- **What you need to do**: Once the line containing "Batik Blouse Buatan" is reached, copy it and every line after it exactly, to the end of the material, without pictures.

** Recorded data follows **

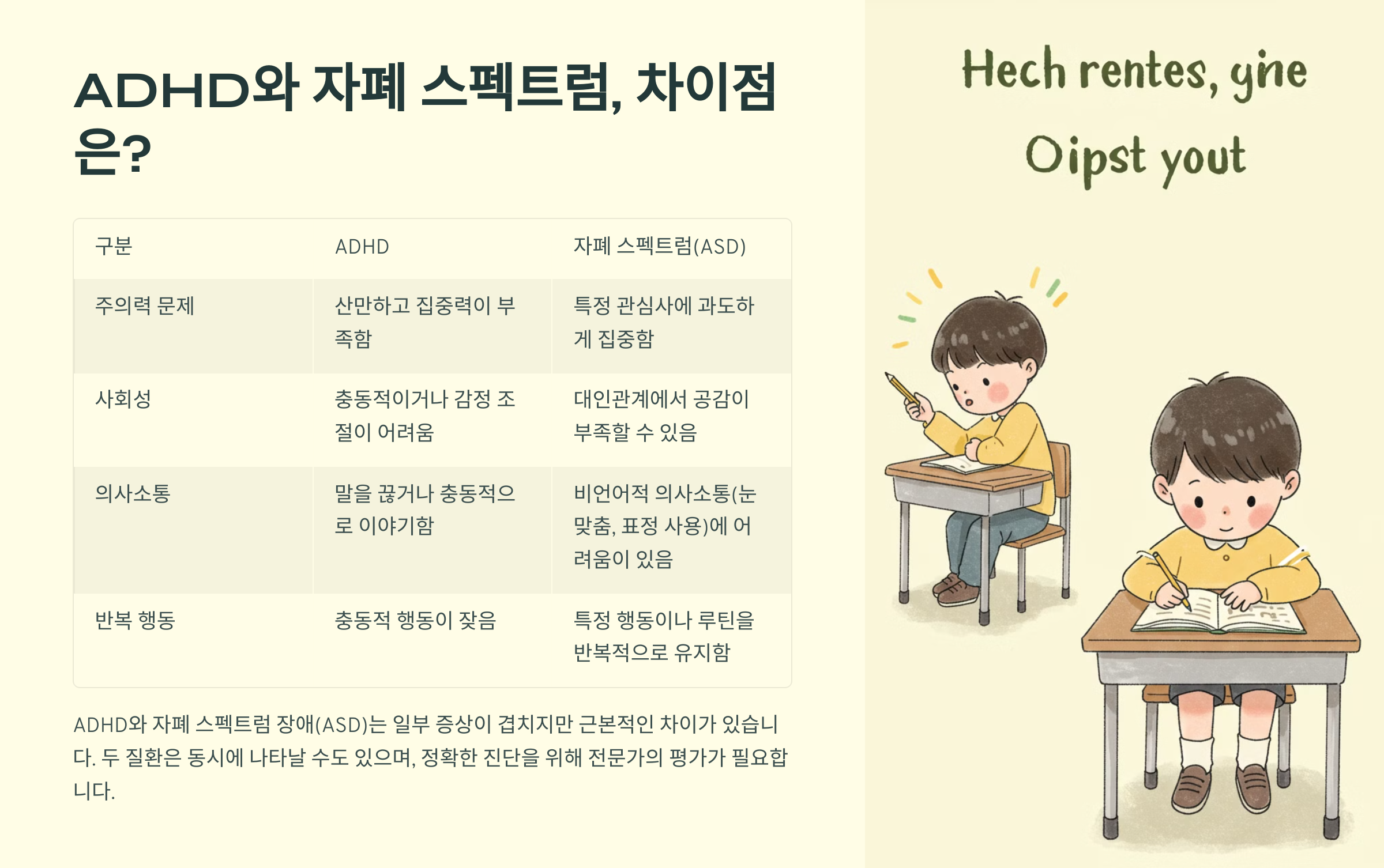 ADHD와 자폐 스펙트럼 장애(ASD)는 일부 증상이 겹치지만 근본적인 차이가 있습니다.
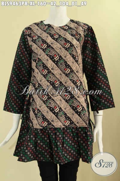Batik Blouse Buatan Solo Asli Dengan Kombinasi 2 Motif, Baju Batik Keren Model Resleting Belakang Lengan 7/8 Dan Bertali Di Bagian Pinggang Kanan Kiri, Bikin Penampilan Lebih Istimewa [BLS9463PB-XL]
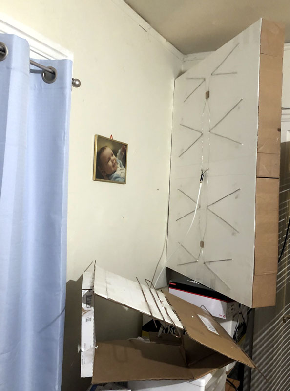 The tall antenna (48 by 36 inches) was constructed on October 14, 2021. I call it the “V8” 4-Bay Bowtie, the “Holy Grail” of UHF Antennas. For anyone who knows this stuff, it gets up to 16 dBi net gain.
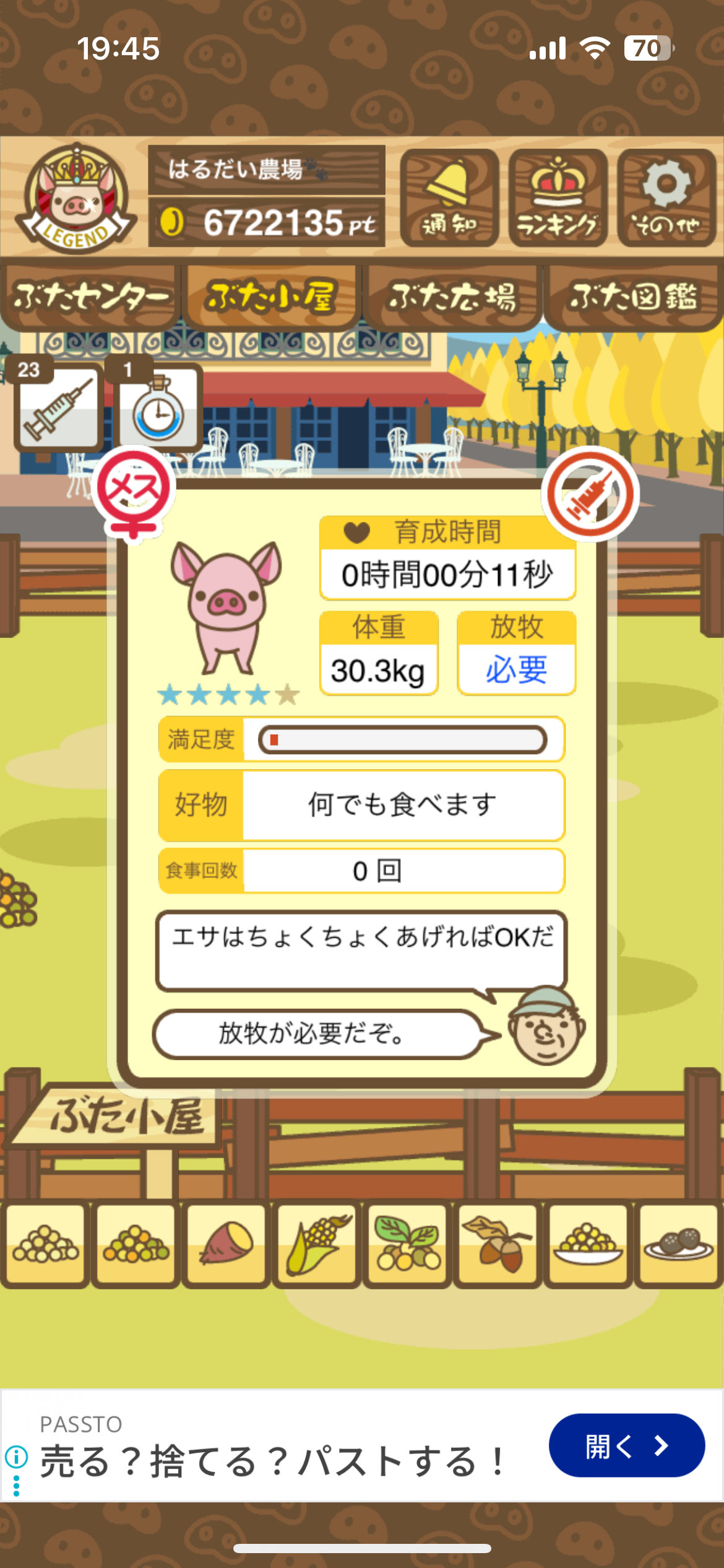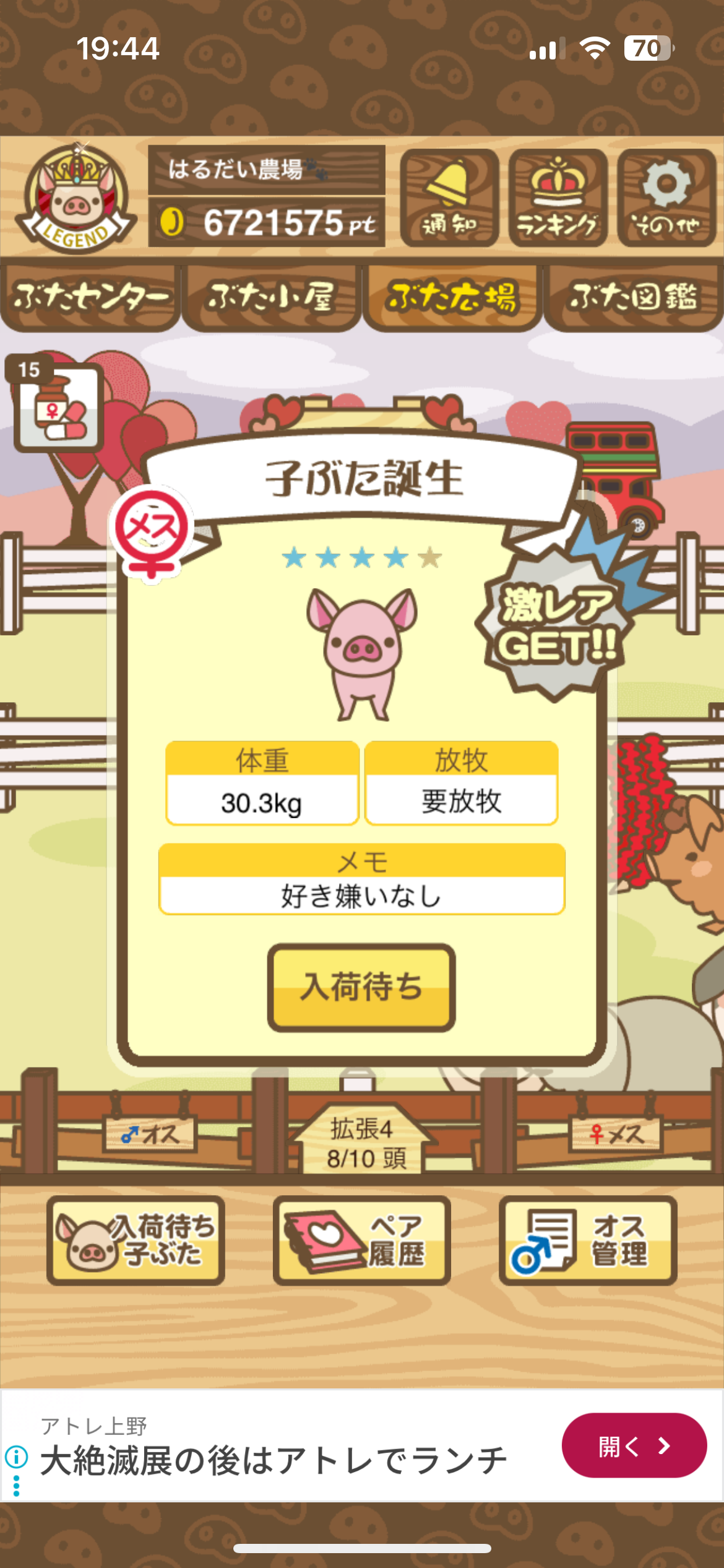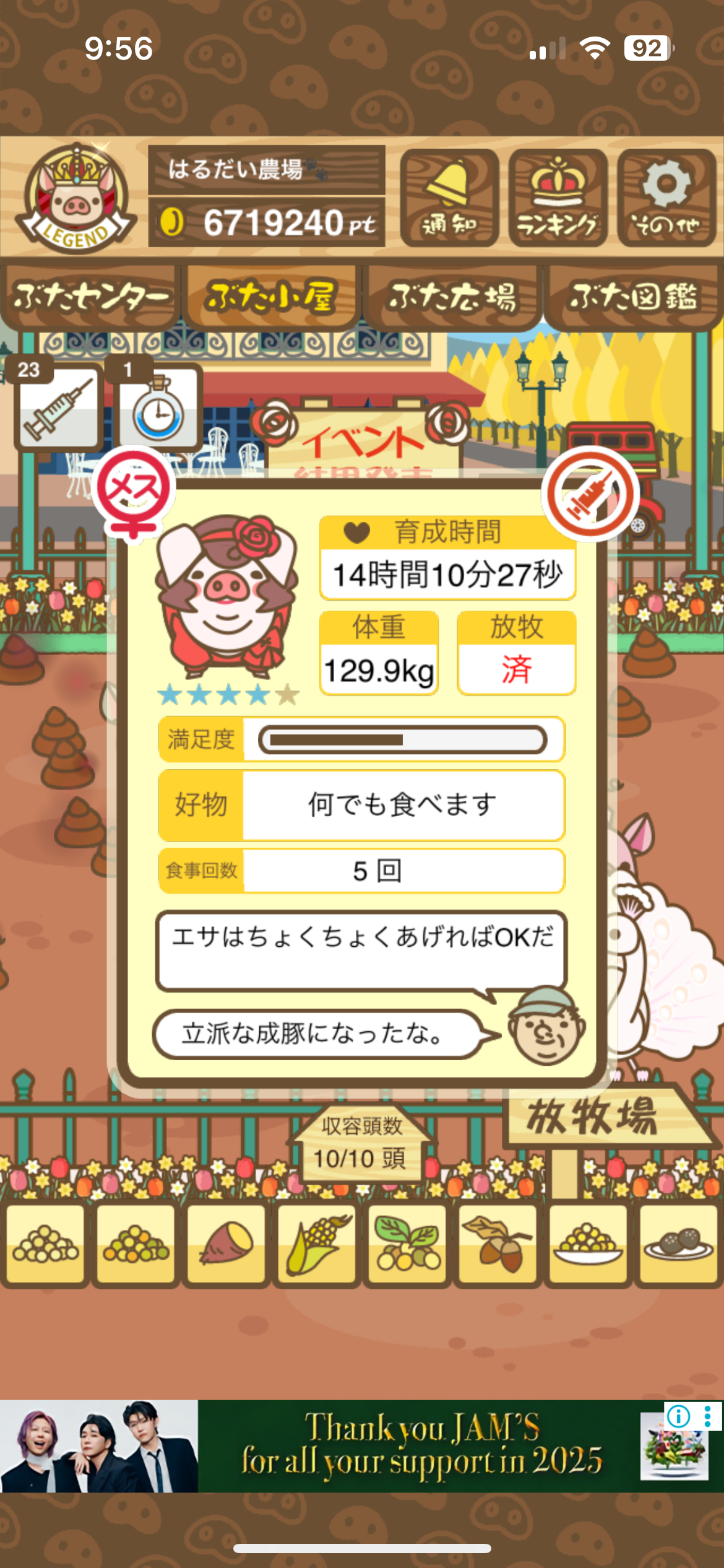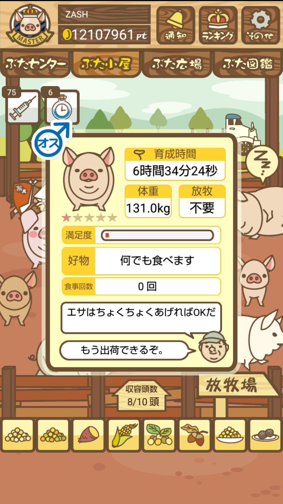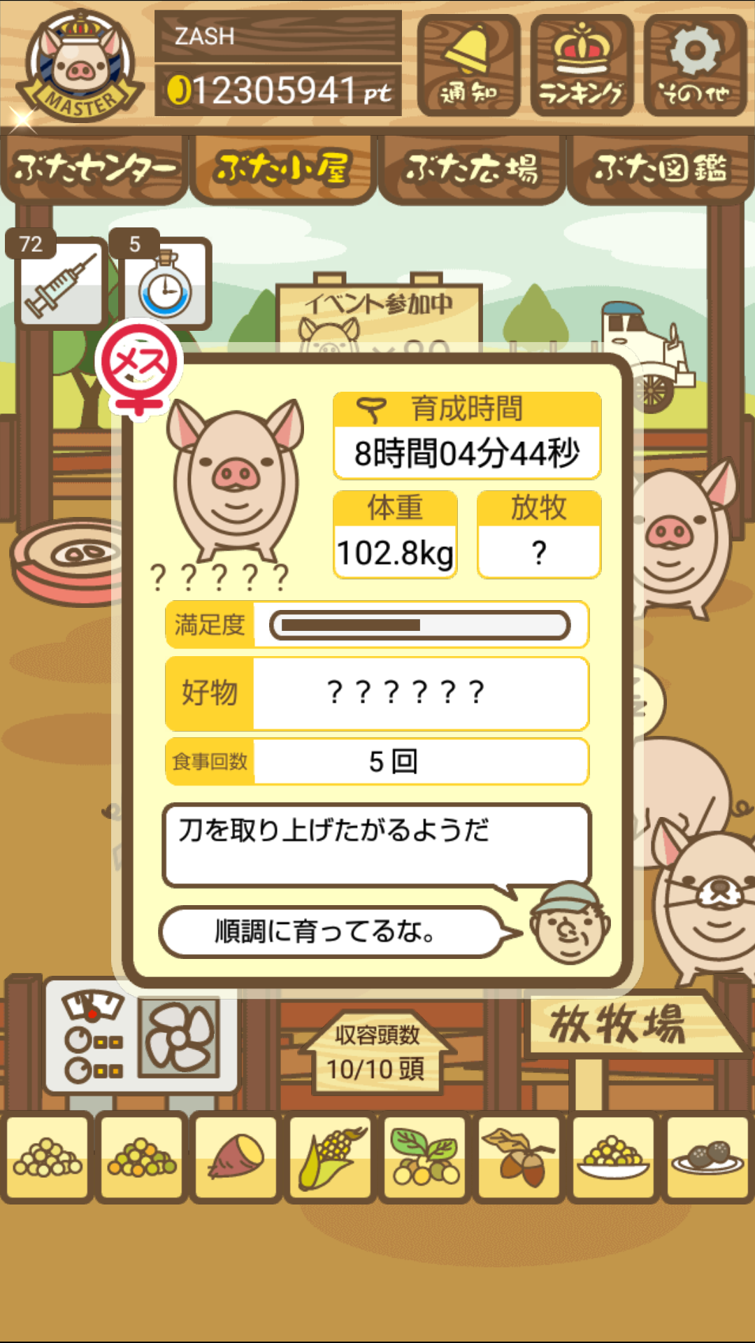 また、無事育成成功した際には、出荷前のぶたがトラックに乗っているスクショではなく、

** End of Recorded data **

- **Solved problem**:
Batik Blouse Buatan Solo Asli Dengan Kombinasi 2 Motif, Baju Batik Keren Model Resleting Belakang Lengan 7/8 Dan Bertali Di Bagian Pinggang Kanan Kiri, Bikin Penampilan Lebih Istimewa [BLS9463PB-XL]
 The tall antenna (48 by 36 inches) was constructed on October 14, 2021. I call it the “V8” 4-Bay Bowtie, the “Holy Grail” of UHF Antennas. For anyone who knows this stuff, it gets up to 16 dBi net gain.
 また、無事育成成功した際には、出荷前のぶたがトラックに乗っているスクショではなく、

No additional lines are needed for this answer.